Michele Lucarelli, NBS Technical Author, following work done on sections C20 and M60 with respect to lead in paint, provides some background to the issue.

Exposure to lead, even at low levels, can cause a wide range of problems, including:

  • permanently lowered IQ;
  • learning and behavioural problems;
  • delayed or reversed brain development;
  • memory loss;
  • stunted or slowed growth;
  • hearing loss;
  • anaemia;
  • neurological or kidney damage;
  • spontaneous abortion; and
  • erectile dysfunction and fertility problems in males.

In extreme cases it can cause encephalopathy, coma or death.

Children are particularly vulnerable as they are more likely to ingest paint chips, residual dust or contaminated soil, and their physiology takes up lead more readily than in adults; their central nervous systems are still developing and their bodies are unable to efficiently distinguish between calcium or iron, and lead. Lead is initially taken up by soft tissue but is also laid down in bone and, for females, can be released when pregnant. Lead in the skeleton may also be mobilised by vitamin D, usually through exposure to sun, and may produce irritability, loss of appetite, seizures or symptoms similar to 'flu.

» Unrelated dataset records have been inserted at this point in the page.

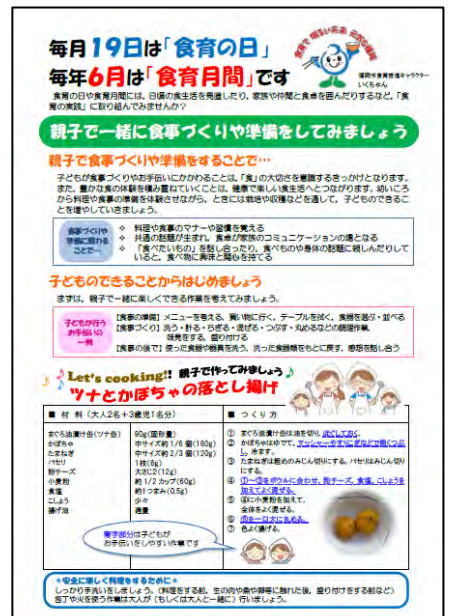
▲本市ホームページで発信した食育月間リーフレット
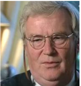
بىرپاروايى ۵-۹-۲۰۰۷ چوارشەممە، ۹-۵-۲۰۰۷ دانگەى لاھى ولاتى ھۆلەندا دوايىن بىرپارى خۇى سەبارەت بە تۆمەتبار فرانس قان ئانرات

بازرگانى چەكى كىمىاوى بدات. شىاوى باسە فرانس قان ئانرات بەتۆمەتى بازرگانىكرىن بە مادەى كىمىاوى و فرۆشتنى بە سەرانى عىراق تاوانراوھە ، بەو ھىزەشەوھ دانگەيى كرابوو، سزاي ۱۵ سال زىندانىكرىنى بەسەردا دراووو. بەبۆنەى دەرچوونى دوايىن بىرپارى دادگە بىرپار وايە لەسەر داخووزى ناوھندى چاك كوردستانىيانى دانىشتووى ھۆلەندا لەبەردەم دانگەى لاھى كۆبىنەوھو رىپىوان بكەن و كۆى لە دوايىن بىرپارى دادگە بگرن .
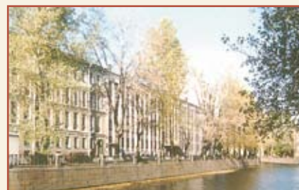
Санкт-Петербургская банковская школа (колледж) Банка России
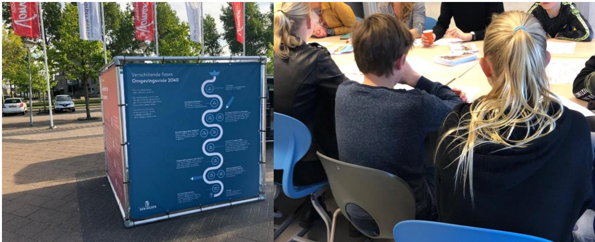
Afbeeldingen: Verschillende vormen van participatie tijdens het proces om te komen tot de deelvisie Julianadorp

Op 21 april 2022 zijn in het wijkplatform Julianadorp enkele kleine actualisatiepunten voor de deelvisie Julianadorp gepresenteerd. Deze punten zijn meegenomen in de actualisatie van de deelvisie. De actualisatie is eind oktober 2022 toegelicht aan geïnteresseerden.
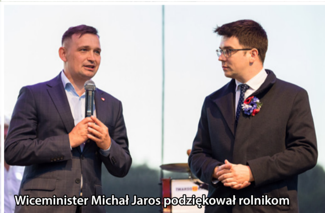
Wiceminister Michał Jaros podziękował rolnikom
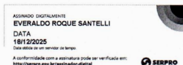
EVERALDO ROQUE SANTELLI MEMBRO
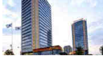
Tepe Prime – Ankara
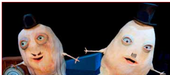
Utrinek iz nastajajoče predstave Kurent

»Pri gledališču se avtor besedila radikalno sooča z nekim dejstvom, ki je sicer univerzalno za vso književnost, a se pri nobeni drugi literarni zvrsti ne kaže

Owing to the body's difficulty in discharging lead, it is often seen as a cumulative poison.

One of the main culprits, lead in petrol, has been addressed in this country. Lead has also been removed from most new paints*, and although lead from old water supply pipework remains a concern, most of us have moved on, to worry about asbestos, or VOCs, or toxic off-gassing.

But current research suggests that blood lead toxicity levels are much lower than previously thought. Pre-1970, 'acceptable' blood lead levels were set in the UK at 60 μg/dL, reduced to 40 μg/dL in 1970, and reduced further to 25 μg/dL in 1985. Today blood lead levels as low as 10 μg/dL are now considered harmful, and increasingly there is talk of 'no safe level'. The current recommended international safety limit for lead in paints (including toys) is 0.06% (UK limit: 0.01%). The amount of lead in paint in older properties may be as high as 38%, with potentially 5-10 mg/cm². On average, children under six may absorb 50% of lead ingested.

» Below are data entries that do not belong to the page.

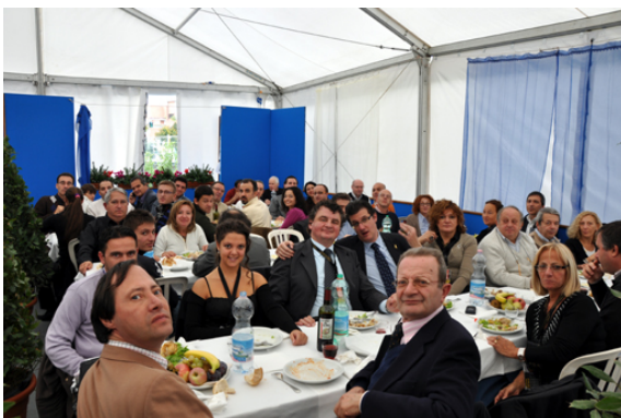
gli Amici a pranzo
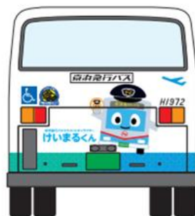
【羽田営業所 旧デザイン (2023 年 9 月運行終了)】
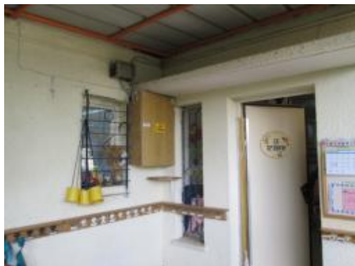
תמונה 2 : אולם הגן
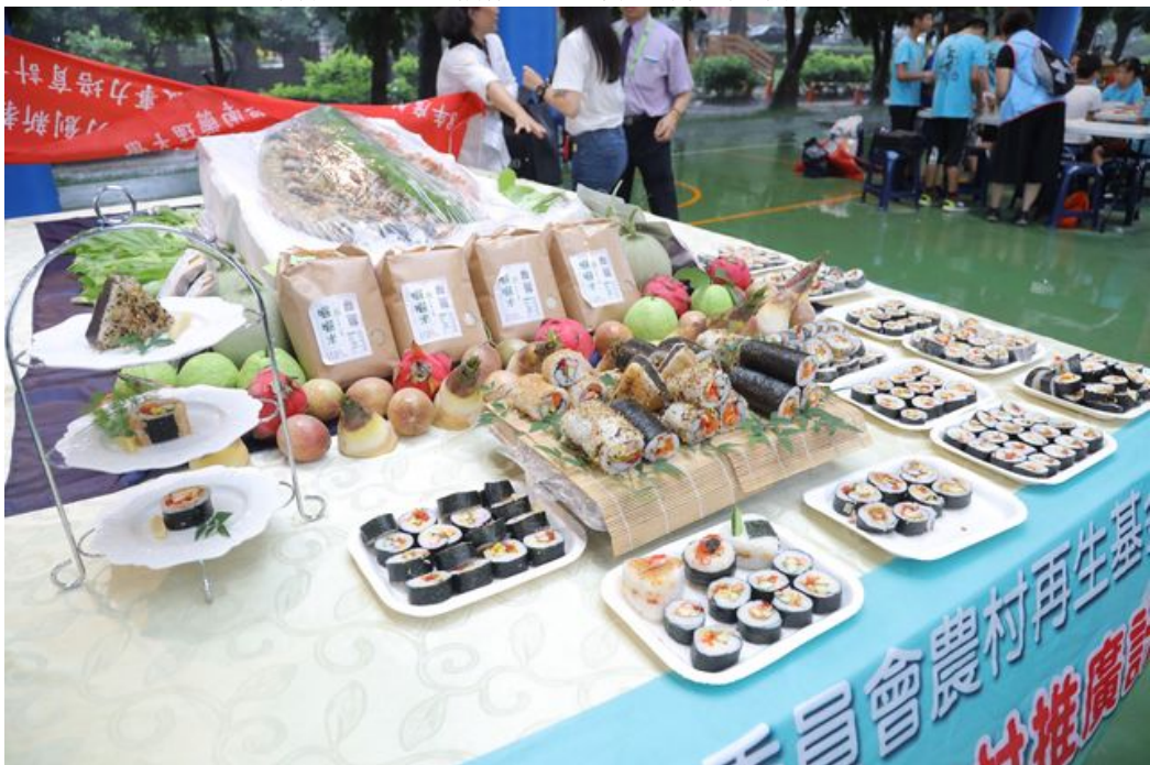
嘉藥餐旅系師生運用剛採收的秈米做成色香味俱全的飯糰佳餚。

The presence of lead-based paint must be highlighted in the pre-construction health and safety information. Portable isotopic X-ray fluorescent (XRF-i) testing is a cost effective method for determining the presence and concentration of lead. If found, or just suspected, there is a dilemma: to remove, or retain? Strategic risk appraisal is needed, involving the client, looking at current vs. future risk.

Risk assessments under CDM also require care. The designer's specification may infer a preparation technique which increases risk. When appraising the contractors' method statements, in-depth study is needed of testing, operations, containment, disposal, and clearance approvals.

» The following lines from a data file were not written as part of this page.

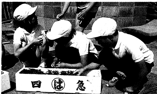
▲一本一本ていねいに、菊のさし芽

この児童の体験を教育活動の基盤に位置づけ、児童の学習能力を引き出す試みが、意欲的に行われています。
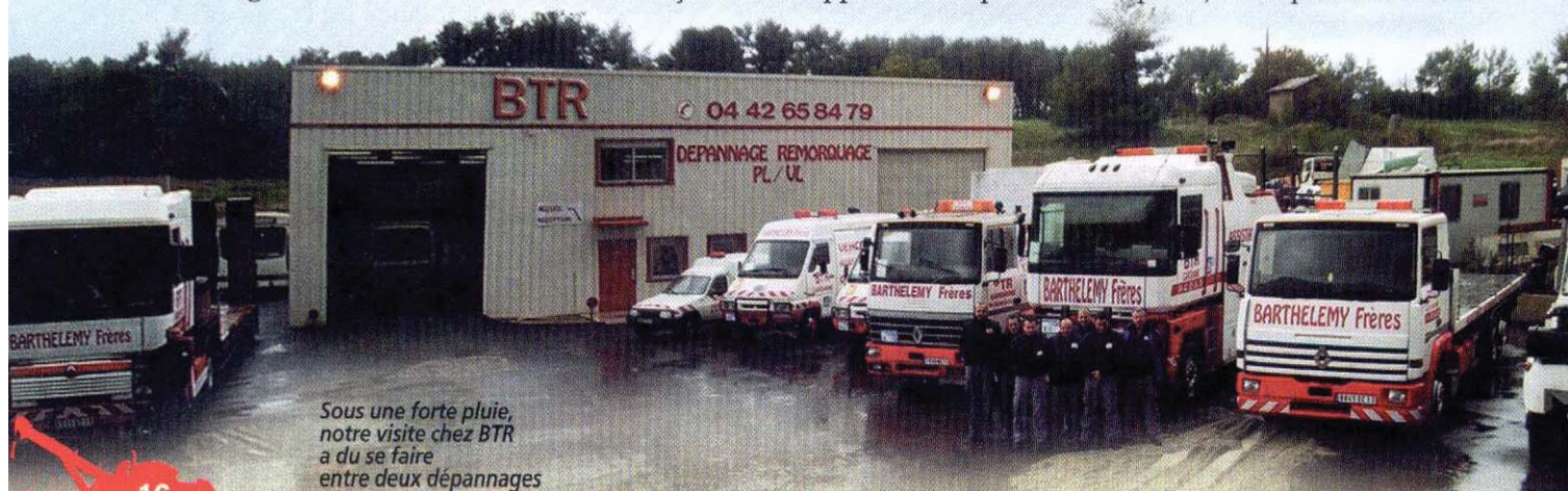
Sous une forte pluie, notre visite chez BTR a dû se faire entre deux dépannages

La relève est donc assurée par cette nouvelle génération qui doit tout à ses pères, mais qui a la lourde tâche
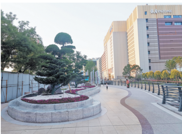
柳泉文化广场 这里有二十四节气智慧互动灯柱,体现现代与传统的完美融合。
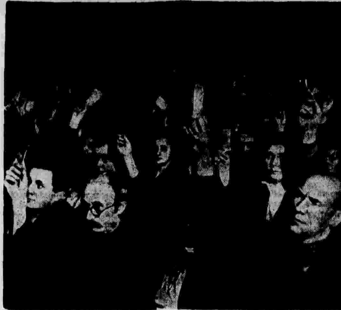
На партийной конференции завода «Красный треугольник» (г. Ленинград). На снимке: момент голосования резолюции по отчетному докладу парткома.
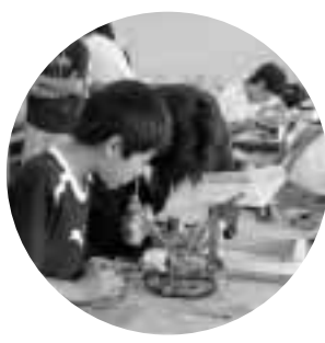
相談コーナーを開設

まえばしロボコン2006を開催します。 今回のテーマは「ロボコンサッカー!」シミュートを決めろ!!」です。競技フィールドに置かれているスポンジボールを相手ゴールに入れ、その得点を競い合う競技で、部門は中学生と一般の二つ。個人または五人以内のチームで申し込んでください。なお、大会
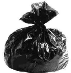
Un sac plastique
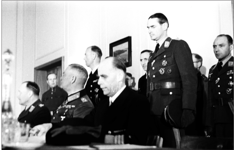
Делегація Німеччини в залі під час церемонії підписання Акта про беззастережну капітуляцію збройних сил Німеччини. Справа наліво (сидять) Г. Фрідебург, В. Кейтель та Г. Штумпф. м. Берлін (Карлсхорст), 8 травня 1945 р.
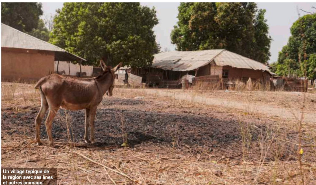
Un village typique de la région avec ses ânes et autres animaux.

Removal exposes people to the lead immediately, but eliminates long term and uncontrolled risk. If removal has been specified, infrared stripping is preferable to abrasive, blast or solvent techniques that produce hard-to-contain residues.

Disposal is normally the contractor's concern, but lead contaminated waste (including soil) needs special consideration. It might be incorporated in site waste and taken to landfill, but then classed on arrival as hazardous by the Environment Agency. To avoid time and cost implications, disposal should be discussed with all relevant parties at an early stage.


Over-painting, or 'abatement', aims to contain the hazard, but the risk of ingestion remains, whether from children eating paint chips or gnawing painted items, or ingestion of contaminated dust from future maintenance (preparation). If abatement is specified, containment, cleaning, and dust level monitoring pre- and post-construction are critical. Actual blood lead level screening may be needed, as in America. Lead-safe work practices and clean-up regimes can be time consuming, and require stringent attention to detail. Particular care should be given to methods of control in occupied premises, or where air circulation plant is in operation, and where operatives and site visitors could carry dust off site on clothing and shoes. Although workplace exposure is covered by UK law, reoccupancy levels are not, and this may be an area which sees future health and safety focus.

Reuse and recycling of elements which may have a lead-based coating also need careful risk and physical management. Upon completion, any retained hazardous or contaminated materials (including soil) should be highlighted in the health and safety file.

Further advice can be obtained from:

  • British Coatings Federation [BCF - www.coatings.org.uk externallink], e.g. Old lead painted surfaces – a guide on repainting and removal for DIY and professional painters and decorators.
  • Health and Safety Executive [HSE - www.hse.gov.uk externallink].
  • Lead in Paint Safety Association [LiPSA - www.lipsa.org.uk externallink].
  • Safety in Design [SiD - www.safetyindesign.org externallink], e.g. Health Guidance Note H10.003 Lead paint.

* In the UK the use of lead-based paint was restricted in the 1960s, but some primers continued to be used for domestic timber window applications until the late 1980s. Lead-based paint can still be used for Grade I and Grade II* listed buildings, subject to approval. Anti-corrosive lead based paints may be used for metal surfaces, with sales restricted to trade and industry.